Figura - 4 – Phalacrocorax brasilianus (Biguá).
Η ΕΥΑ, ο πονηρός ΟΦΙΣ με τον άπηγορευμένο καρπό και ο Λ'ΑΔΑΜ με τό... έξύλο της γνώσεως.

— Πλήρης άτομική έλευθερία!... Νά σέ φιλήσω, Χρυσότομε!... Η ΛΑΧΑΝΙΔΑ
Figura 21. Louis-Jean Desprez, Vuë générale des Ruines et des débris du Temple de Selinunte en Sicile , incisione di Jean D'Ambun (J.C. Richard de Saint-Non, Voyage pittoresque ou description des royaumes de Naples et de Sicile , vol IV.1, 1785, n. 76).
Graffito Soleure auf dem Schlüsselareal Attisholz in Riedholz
---
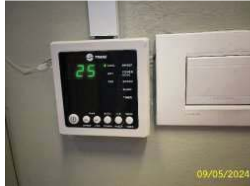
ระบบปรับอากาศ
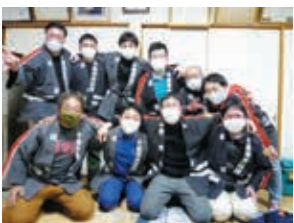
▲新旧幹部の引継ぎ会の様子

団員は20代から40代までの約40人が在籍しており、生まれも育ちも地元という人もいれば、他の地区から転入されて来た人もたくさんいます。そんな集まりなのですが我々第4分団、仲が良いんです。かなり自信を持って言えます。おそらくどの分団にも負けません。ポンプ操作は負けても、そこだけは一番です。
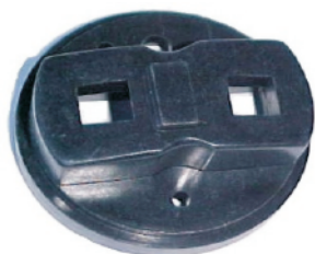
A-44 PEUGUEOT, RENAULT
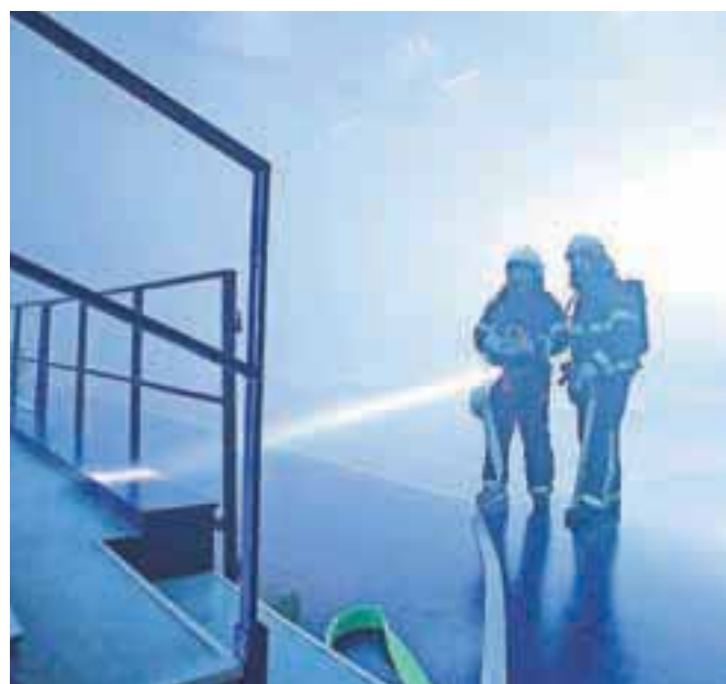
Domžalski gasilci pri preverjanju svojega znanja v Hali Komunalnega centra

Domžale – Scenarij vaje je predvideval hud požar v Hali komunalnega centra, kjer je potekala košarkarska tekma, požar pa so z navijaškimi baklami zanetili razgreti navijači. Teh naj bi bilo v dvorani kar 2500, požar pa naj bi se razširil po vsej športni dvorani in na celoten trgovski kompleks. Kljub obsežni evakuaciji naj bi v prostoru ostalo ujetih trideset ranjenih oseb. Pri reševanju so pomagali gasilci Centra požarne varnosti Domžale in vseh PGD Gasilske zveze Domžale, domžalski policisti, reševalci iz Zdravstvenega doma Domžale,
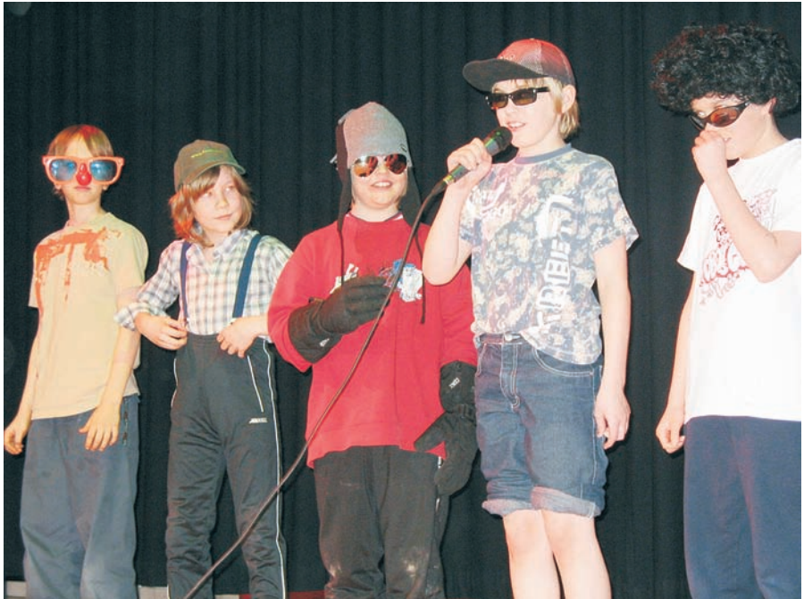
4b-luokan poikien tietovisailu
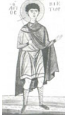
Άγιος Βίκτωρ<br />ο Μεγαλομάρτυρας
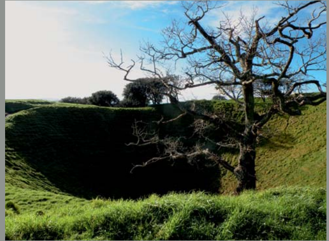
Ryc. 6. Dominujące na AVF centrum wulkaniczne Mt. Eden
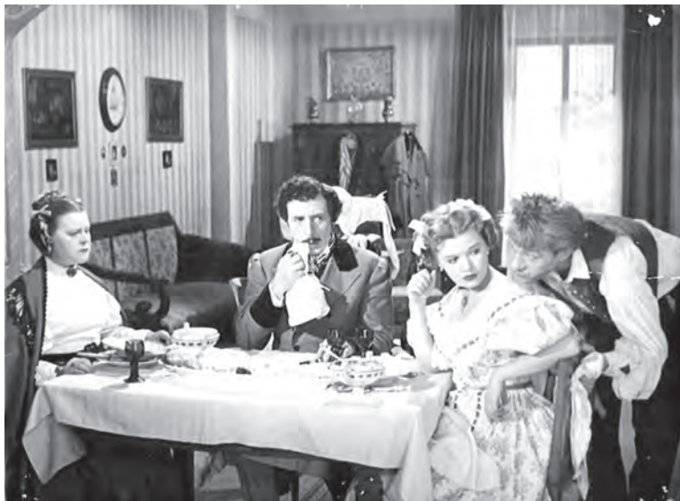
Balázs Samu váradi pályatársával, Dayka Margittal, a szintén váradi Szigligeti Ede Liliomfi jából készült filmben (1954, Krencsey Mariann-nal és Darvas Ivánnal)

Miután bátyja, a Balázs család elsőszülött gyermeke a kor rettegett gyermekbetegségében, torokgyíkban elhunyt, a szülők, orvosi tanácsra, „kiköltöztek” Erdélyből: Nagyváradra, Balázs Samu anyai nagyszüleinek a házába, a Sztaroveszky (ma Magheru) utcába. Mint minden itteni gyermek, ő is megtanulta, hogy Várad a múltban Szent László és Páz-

> [The task]
Search the listing above for the word "centra", and copy every line that has it.

> [Response to the exercise]
Domžalski gasilci pri preverjanju svojega znanja v Hali Komunalnega centra
Domžale – Scenarij vaje je predvideval hud požar v Hali komunalnega centra, kjer je potekala košarkarska tekma, požar pa so z navijaškimi baklami zanetili razgreti navijači. Teh naj bi bilo v dvorani kar 2500, požar pa naj bi se razširil po vsej športni dvorani in na celoten trgovski kompleks. Kljub obsežni evakuaciji naj bi v prostoru ostalo ujetih trideset ranjenih oseb. Pri reševanju so pomagali gasilci Centra požarne varnosti Domžale in vseh PGD Gasilske zveze Domžale, domžalski policisti, reševalci iz Zdravstvenega doma Domžale,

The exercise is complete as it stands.